Now both $A+A$ and $[0,1]^3 + A$ consist of a union of cubes and translates of $A$, which are arranged on a lattice. Inductively you can see that $A+A+A$ can be decomposed into a union of translates of $[0,1]^3 + A$ and $A+A$, and thus will itself consist of a union of cubes and translates of $A$. To figure out where they all go is a combinatorial problem. Adding $A$ to a cube at $(x,y,z)$ will result in cubes at $(x+1,y,z), (x,y+1,z),\dots$ and a translate of $A$ at $(x+1,y+1,z+1)$, and adding $A$ to a translate of $A$ at $(x,y,z)$ will result in cubes at $(x,y,z), (x+1,y,z), (x,y+1,z), (x,y,z+1)$ and translates of $A$ at $(x+1,y+1,z), (x+1,y,z+1),(x,y+1,z+1)$. Working it all out, I find that $A+A+A$ will have translates of $A$ at $(2,2,0),(2,0,2),(0,2,2),(2,1,1),(1,2,1),(1,1,2)$ and cubes at $(0,0,0),(1,0,0),(0,1,0),(0,0,1),(1,1,0),(1,0,1),(0,1,1),(1,1,1)(2,0,0),(0,2,0),(0,0,2),(2,1,0),(2,0,1),(1,2,0),(0,2,1)$.

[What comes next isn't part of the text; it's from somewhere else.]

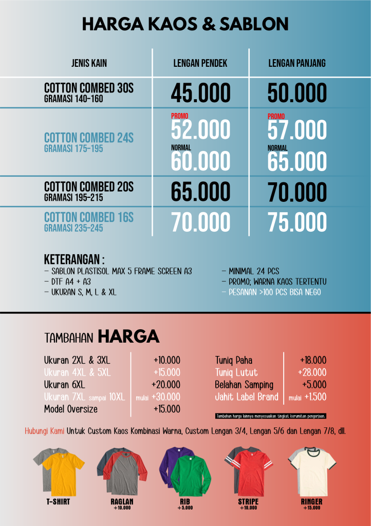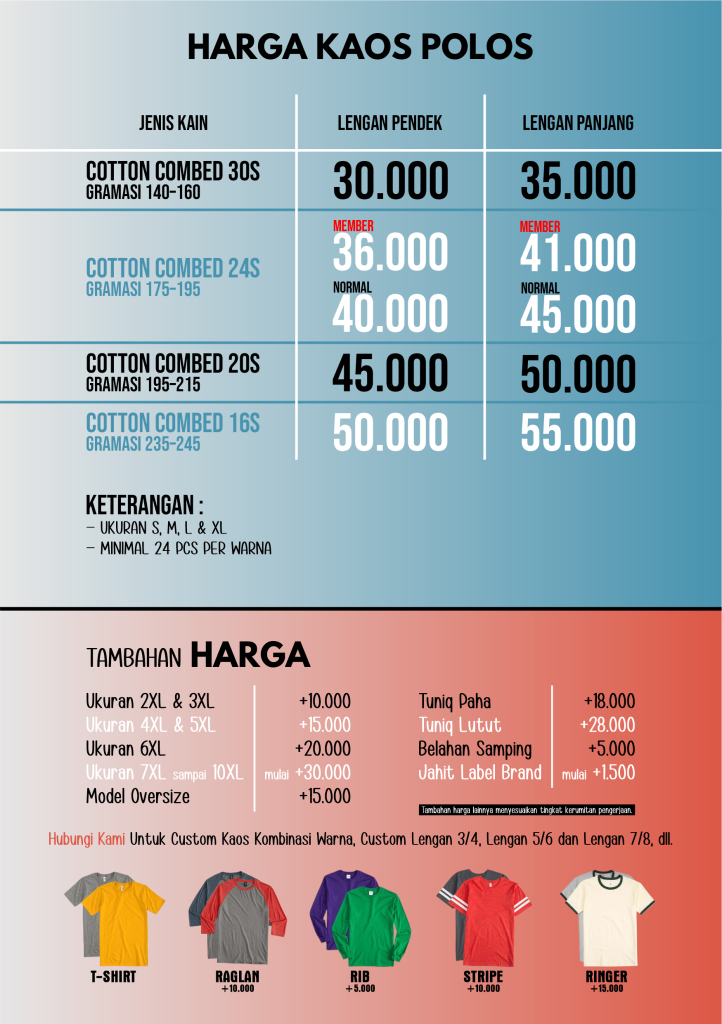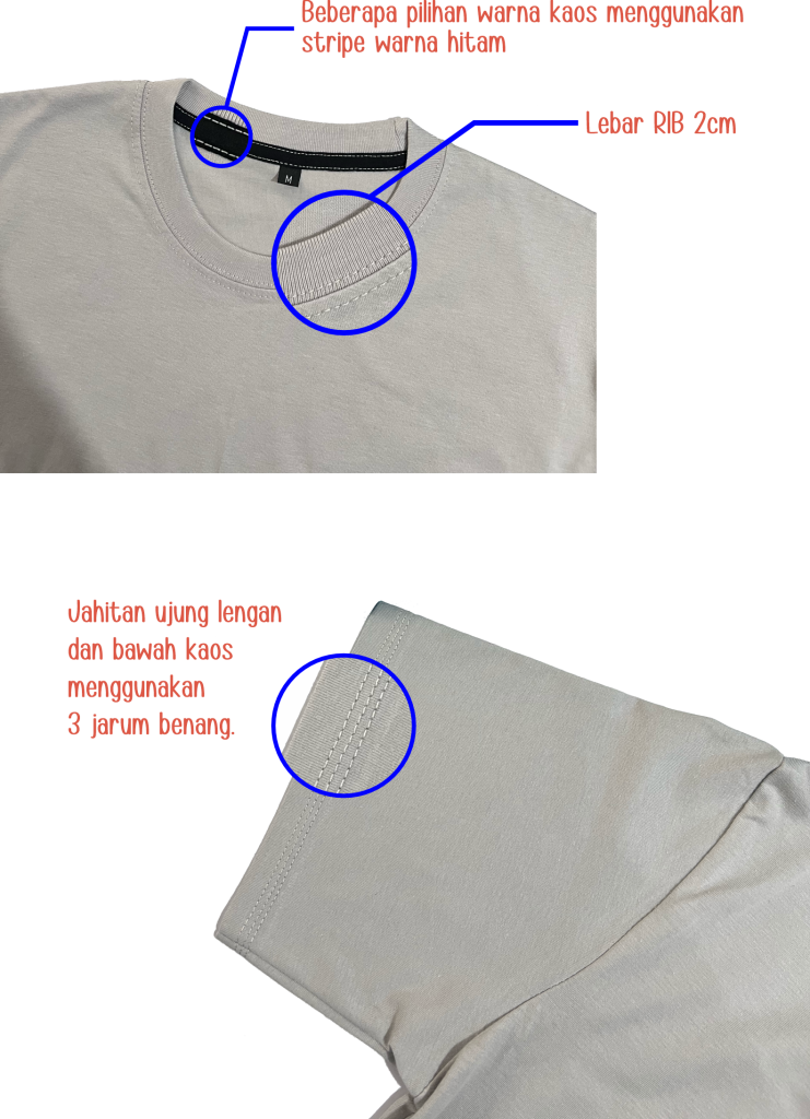 - Produk kami menggunakan bahan kain dari vendor pabrik Knitto Textiles dengan berbagai pilihan jenis kain mulai dari Cotton Combed, Cotton Bamboo, Cotton Modal, Heavy Cotton Roughfeel, dan Cotton Carded.

Analogous results should hold in all dimensions. In general, $A+A$ will consist of translates of $A$ at all points of the form $(1,1,\dots,1) - e_k$ for some $k$, and cubes at all points of the form $(1,1,\dots,1) - e_{k_1} - e_{k_2} - \dots$, i.e. points with at least two 0 coordinates and the rest 1. Then higher sums like $A+A+A$ will consist of translates of $A$ at points like $(2,2,\dots,2) - e_{k_1}-e_{k_2}$, of which there are $\binom{2+n-1}{2}$ (with $n$ being the dimension of the space), along with cubes at all points "below", i.e. subtracting more $e_k$'s.